Both Stata and Eviews offer a rich set of instruments to work with cointegration tests, VAR and VECM models. Meanwhile, SPSS does not have enough built-in functions for running VAR and VECM models. Thus, the choice of statistical software will be critical in this case.
Factor Analysis (FA) and Principal Component Analysis (PCA)
In many cases, when a regression model is formulated, some independent variables may be highly correlated. Possible solutions for removing this multicollinearity problem might be to omit some of the correlated variables or form composite scores from the correlated variables. However, in this case, the transformed model would explain less variance of the dependent variable. Another solution may be to create latent variables that influence the correlated variables and use them in the model instead. There are two ways to do this, namely through the Principal Component Analysis (PCA) and the Factor Analysis (FA).

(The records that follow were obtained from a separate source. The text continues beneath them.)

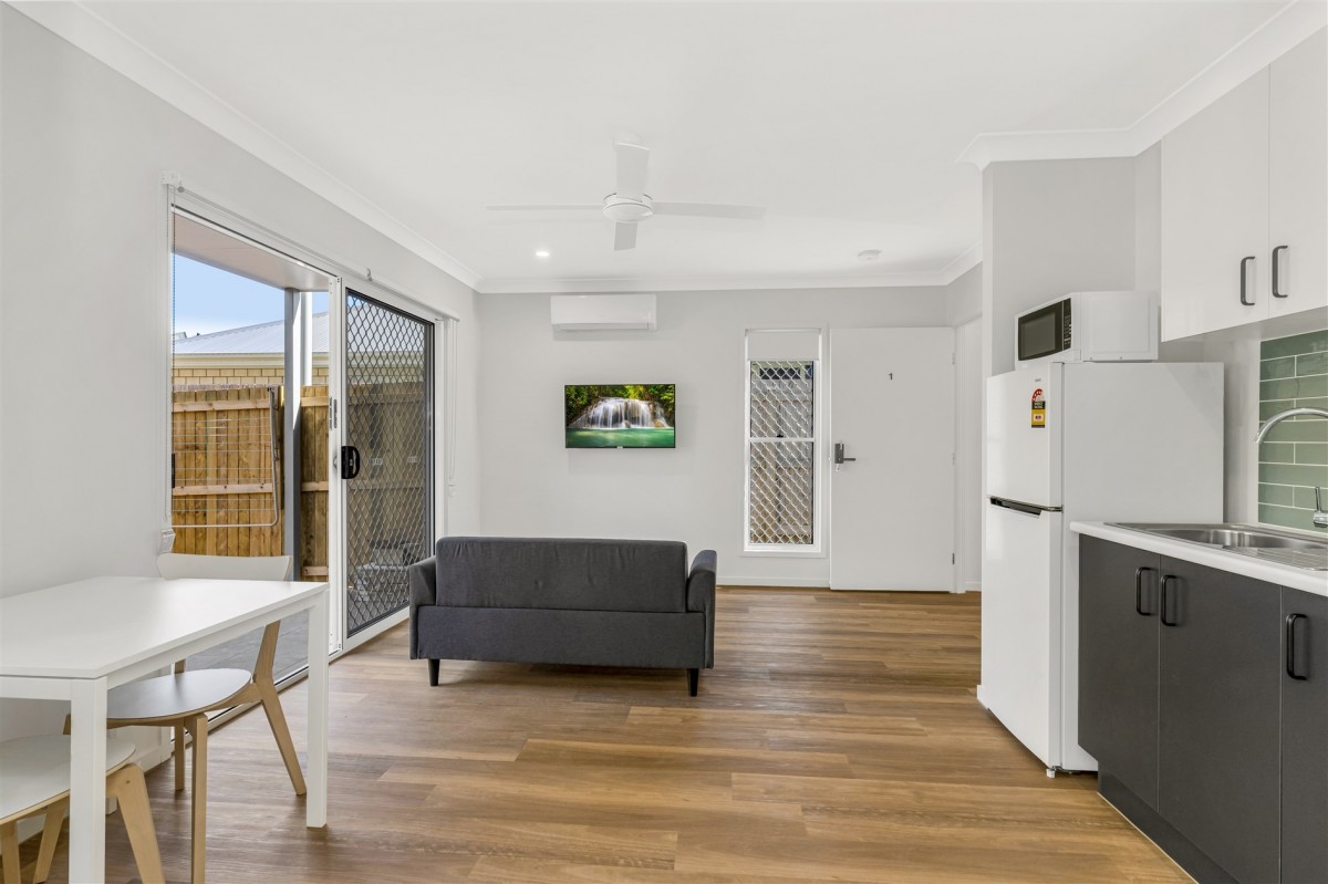 Large ground floor unit with a private fenced courtyard facing the rear of the property. Fully air conditioned, with a ceiling fan, security screens, kitchenette, bathroom and fully separated bedroom with spacious built in robes.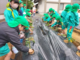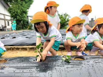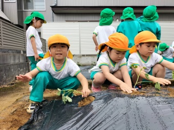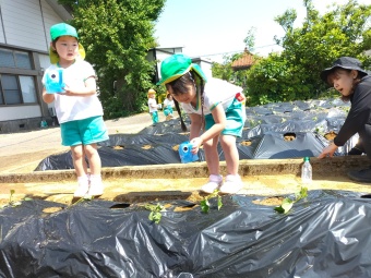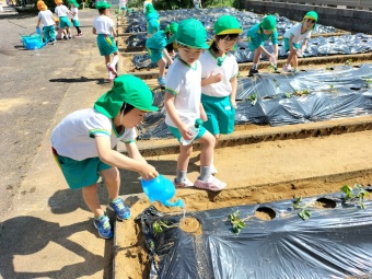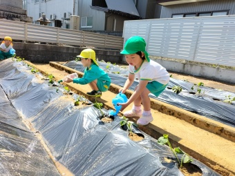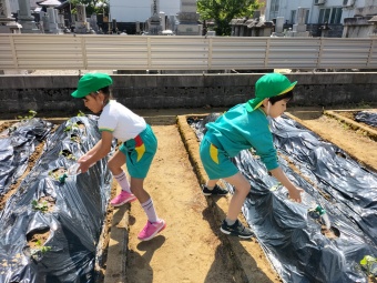 2024.05.22 立正キッズ日記 苗植え 今日はみんなでさつまいもの苗を植えました。まずは土を掘って斜めに植えてみました。 最後には「大きくなりますように」とお願いしました。 明日から根がはるまで、毎日水やりを頑張ります!秋には大きなお芋になるかな〜、楽しみですね!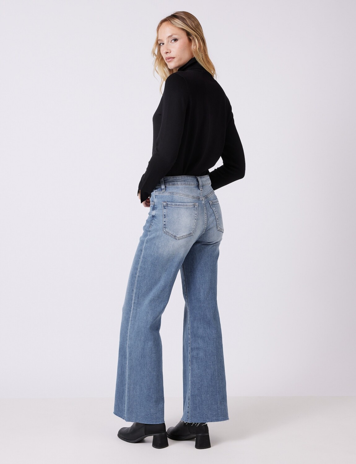 Pierna ancha desde la cadera hasta el ruedo, ofreciendo comodidad absoluta y un movimiento fluido al caminar.

These two methods are similar in that they both reduce the data to a few key factors. They will not work well if the initial inputs are not highly correlated. If the correlation between the variables is very high, the outcomes of the PCA and the FA may be quite similar. However, a key difference between these two methods is the way in which the new elements, namely Components in the PCA and Factors in the FA are created.
All three software allow for conducting both the FA and the PCA. SPSS contains the PCA as a part of the FA. Meanwhile, Stata has separate options for conducting the FA and the PCA as parts of multivariate analysis. To conduct the FA and PCA in Eviews, it is necessary to open a group of variables that needs to be reduced. The choice of the software in this case is a matter of preference as the functionality is more or less the same.